◆ RECORDED INFORMATION ◆
Content starts

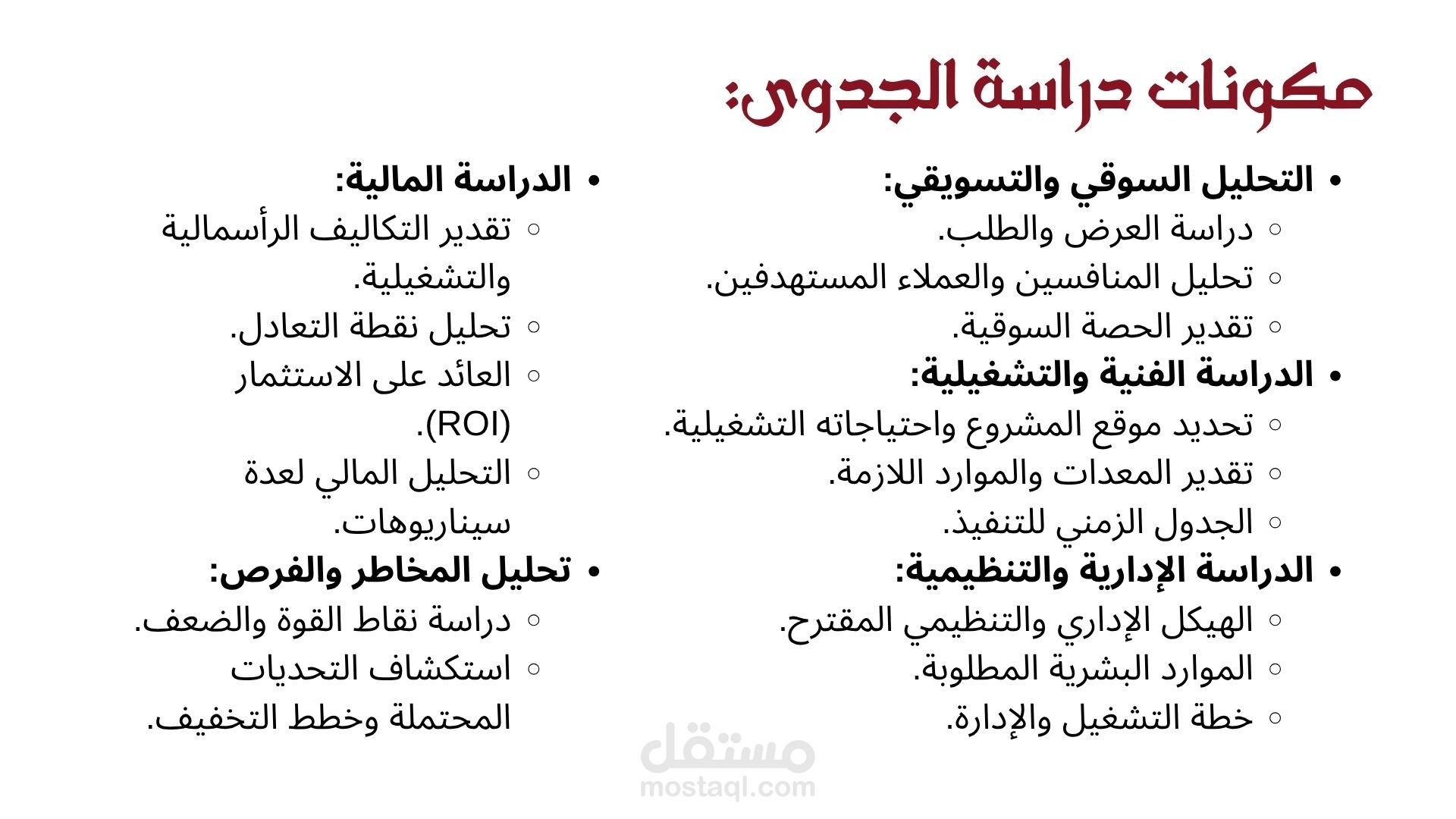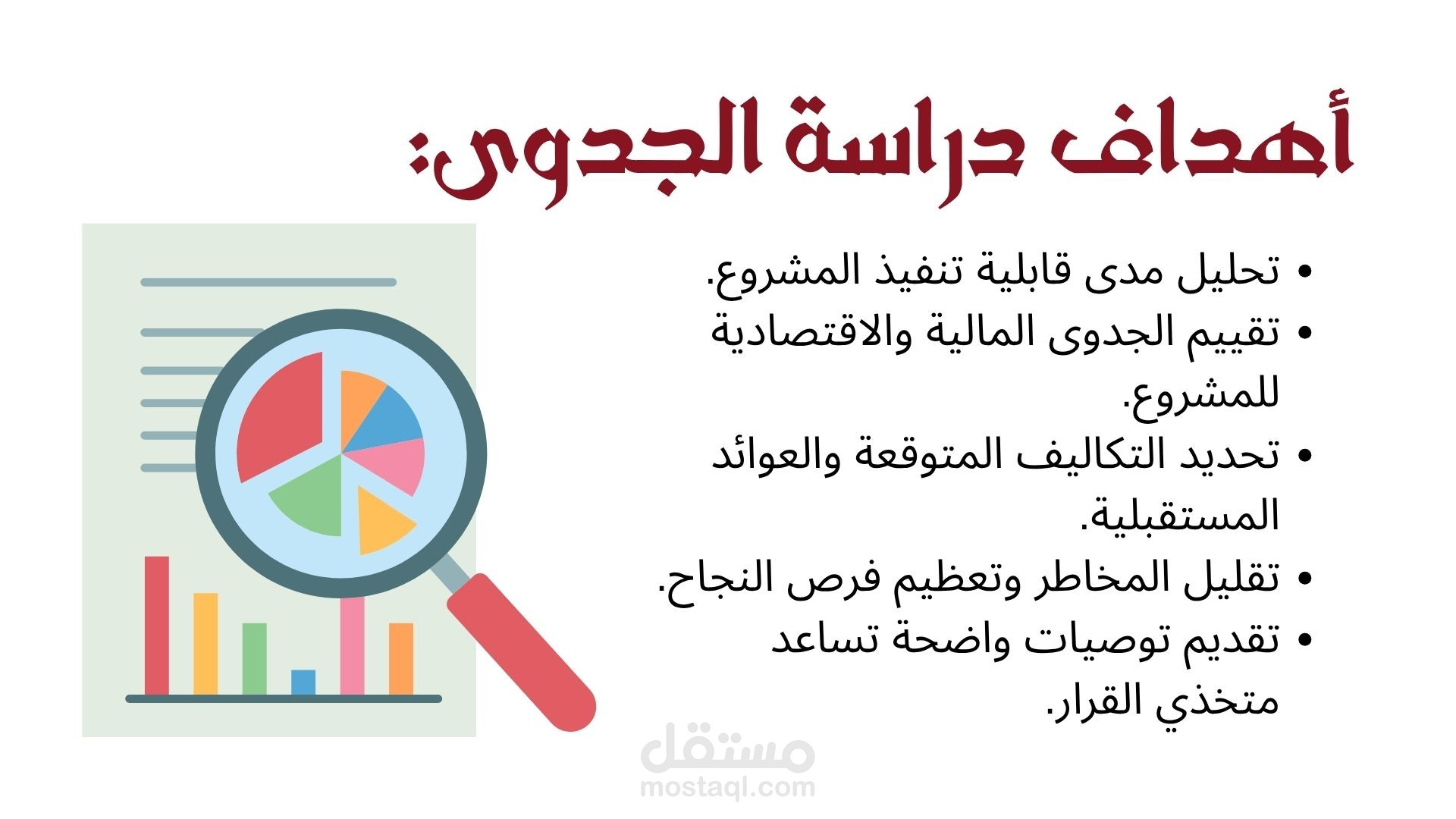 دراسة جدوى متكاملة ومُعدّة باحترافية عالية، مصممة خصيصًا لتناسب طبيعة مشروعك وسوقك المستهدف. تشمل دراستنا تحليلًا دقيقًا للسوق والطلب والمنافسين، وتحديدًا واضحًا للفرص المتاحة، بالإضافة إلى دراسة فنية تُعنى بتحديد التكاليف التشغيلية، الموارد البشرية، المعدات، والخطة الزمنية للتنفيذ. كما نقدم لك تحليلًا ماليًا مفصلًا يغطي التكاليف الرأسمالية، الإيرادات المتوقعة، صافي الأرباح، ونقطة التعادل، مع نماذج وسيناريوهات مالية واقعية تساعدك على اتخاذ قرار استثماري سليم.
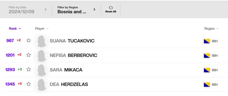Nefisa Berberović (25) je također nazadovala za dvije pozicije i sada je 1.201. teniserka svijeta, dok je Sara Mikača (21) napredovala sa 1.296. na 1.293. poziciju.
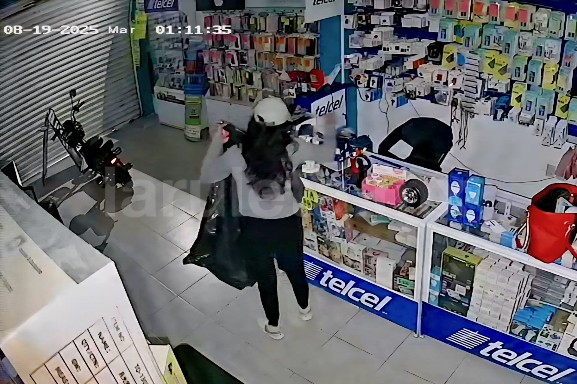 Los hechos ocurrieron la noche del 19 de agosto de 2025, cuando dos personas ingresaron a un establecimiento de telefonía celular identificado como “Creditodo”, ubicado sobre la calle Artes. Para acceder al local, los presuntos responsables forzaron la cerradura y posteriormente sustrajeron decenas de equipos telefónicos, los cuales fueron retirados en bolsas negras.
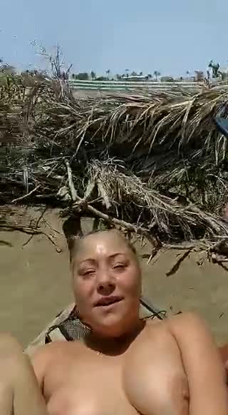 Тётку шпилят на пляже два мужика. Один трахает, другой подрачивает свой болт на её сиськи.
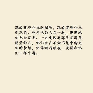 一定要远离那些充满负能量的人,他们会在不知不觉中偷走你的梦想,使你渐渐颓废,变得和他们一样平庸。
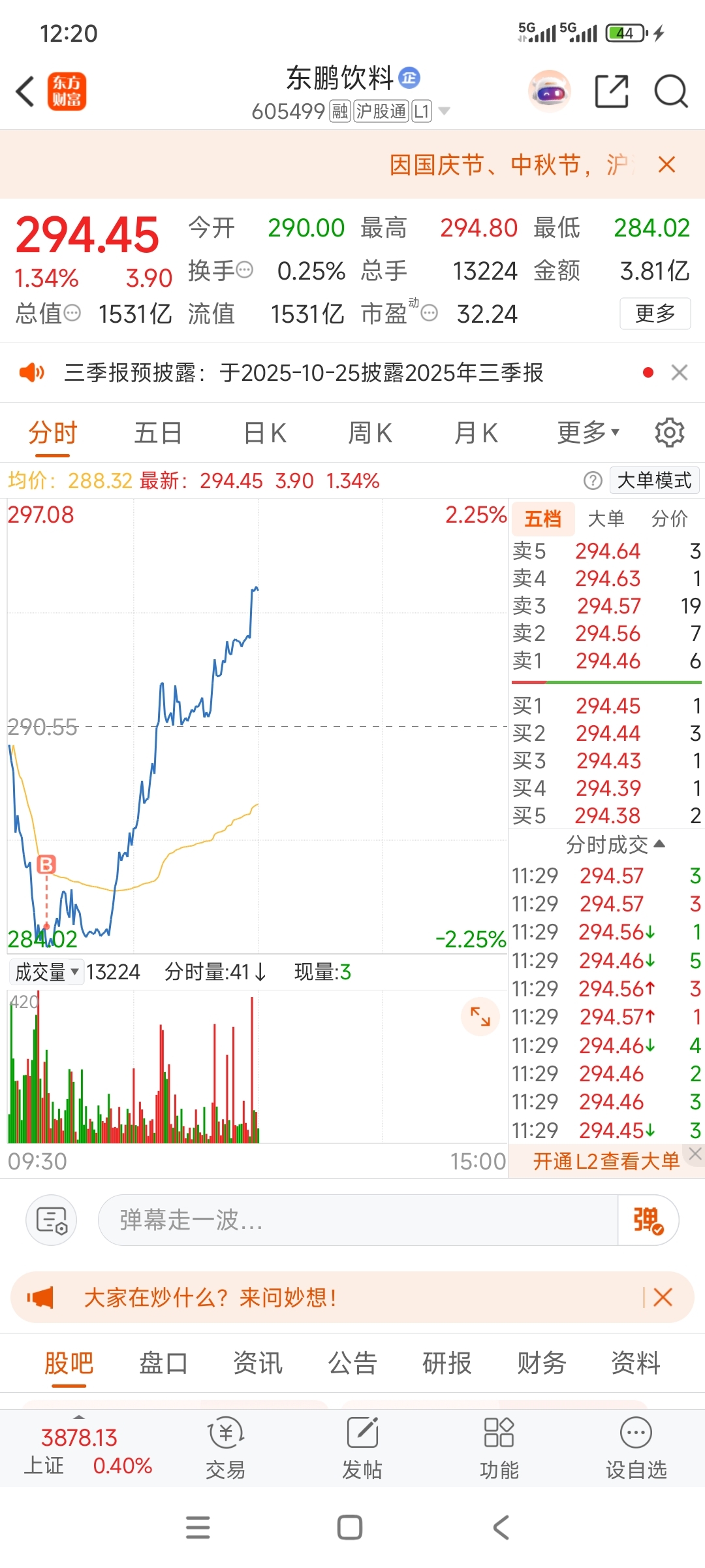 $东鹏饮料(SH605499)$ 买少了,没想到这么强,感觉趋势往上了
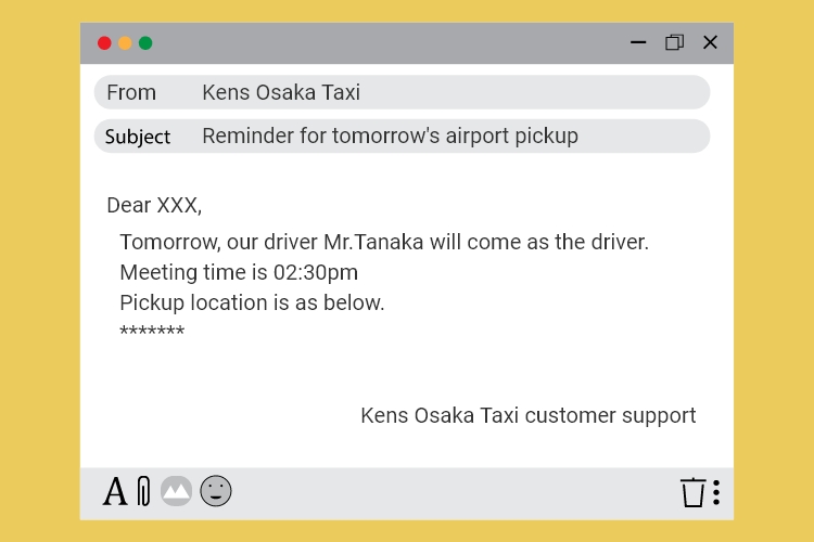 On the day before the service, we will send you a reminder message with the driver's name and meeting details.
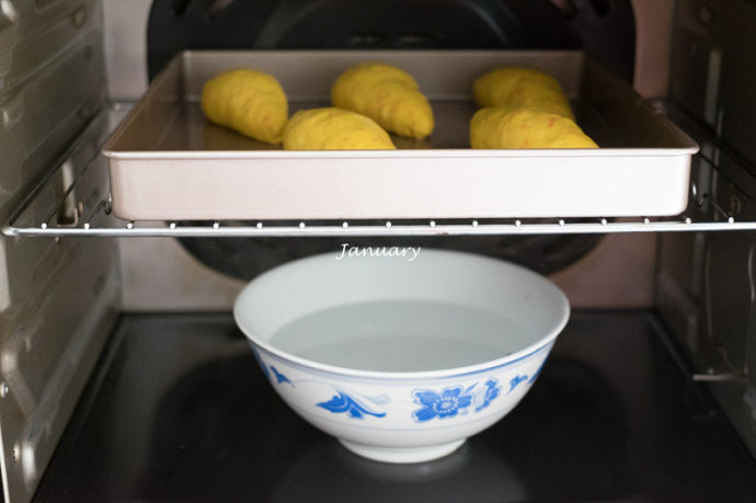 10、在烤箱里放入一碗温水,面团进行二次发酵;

Content ends

◆ TASK ITEM ◆
The expected output is the whole listing, word for word, minus its pictures.

◆ OUTPUT OF THE TASK ◆
 دراسة جدوى متكاملة ومُعدّة باحترافية عالية، مصممة خصيصًا لتناسب طبيعة مشروعك وسوقك المستهدف. تشمل دراستنا تحليلًا دقيقًا للسوق والطلب والمنافسين، وتحديدًا واضحًا للفرص المتاحة، بالإضافة إلى دراسة فنية تُعنى بتحديد التكاليف التشغيلية، الموارد البشرية، المعدات، والخطة الزمنية للتنفيذ. كما نقدم لك تحليلًا ماليًا مفصلًا يغطي التكاليف الرأسمالية، الإيرادات المتوقعة، صافي الأرباح، ونقطة التعادل، مع نماذج وسيناريوهات مالية واقعية تساعدك على اتخاذ قرار استثماري سليم.
Nefisa Berberović (25) je također nazadovala za dvije pozicije i sada je 1.201. teniserka svijeta, dok je Sara Mikača (21) napredovala sa 1.296. na 1.293. poziciju.
 Los hechos ocurrieron la noche del 19 de agosto de 2025, cuando dos personas ingresaron a un establecimiento de telefonía celular identificado como “Creditodo”, ubicado sobre la calle Artes. Para acceder al local, los presuntos responsables forzaron la cerradura y posteriormente sustrajeron decenas de equipos telefónicos, los cuales fueron retirados en bolsas negras.
 Тётку шпилят на пляже два мужика. Один трахает, другой подрачивает свой болт на её сиськи.
 一定要远离那些充满负能量的人,他们会在不知不觉中偷走你的梦想,使你渐渐颓废,变得和他们一样平庸。
 $东鹏饮料(SH605499)$ 买少了,没想到这么强,感觉趋势往上了
 On the day before the service, we will send you a reminder message with the driver's name and meeting details.
 10、在烤箱里放入一碗温水,面团进行二次发酵;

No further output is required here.